Task directions –
A verbatim copy is needed of the lines below from the one containing "26 Leo 21 |" up to and including the one containing "Painting of US", excluding pictures.
(Beginning of Data excerpts)
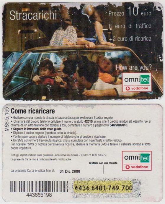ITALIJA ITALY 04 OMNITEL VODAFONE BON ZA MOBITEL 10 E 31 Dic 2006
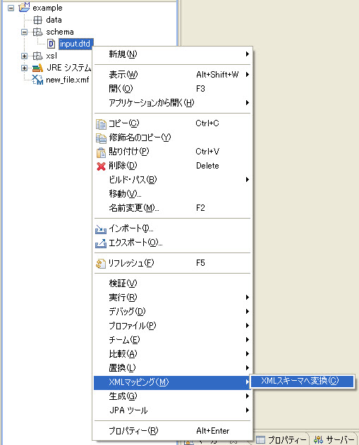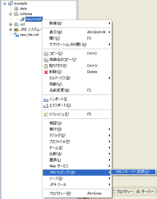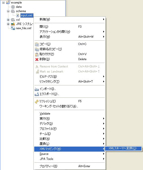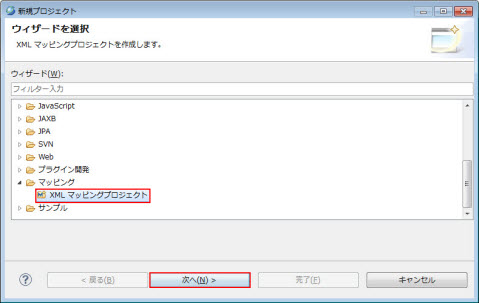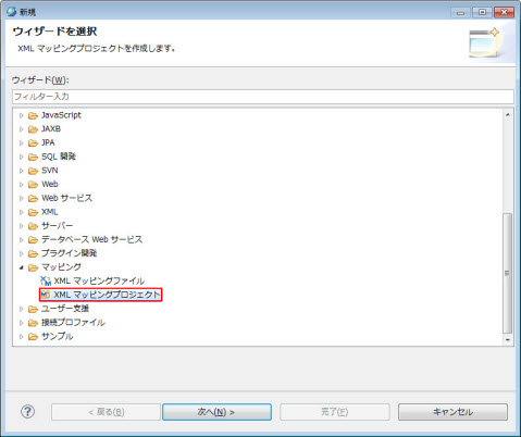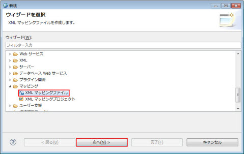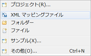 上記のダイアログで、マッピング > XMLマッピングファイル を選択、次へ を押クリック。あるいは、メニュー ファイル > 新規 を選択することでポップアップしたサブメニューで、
(End of Data excerpts)
(Beginning of Data excerpts)
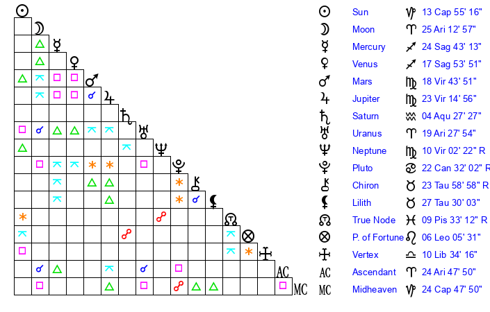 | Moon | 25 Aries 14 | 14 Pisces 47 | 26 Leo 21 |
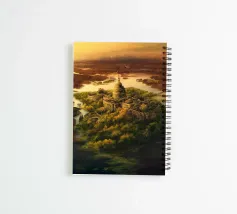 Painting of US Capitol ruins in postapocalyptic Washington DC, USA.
(End of Data excerpts)
Answer to this task –
 | Moon | 25 Aries 14 | 14 Pisces 47 | 26 Leo 21 |
 Painting of US Capitol ruins in postapocalyptic Washington DC, USA.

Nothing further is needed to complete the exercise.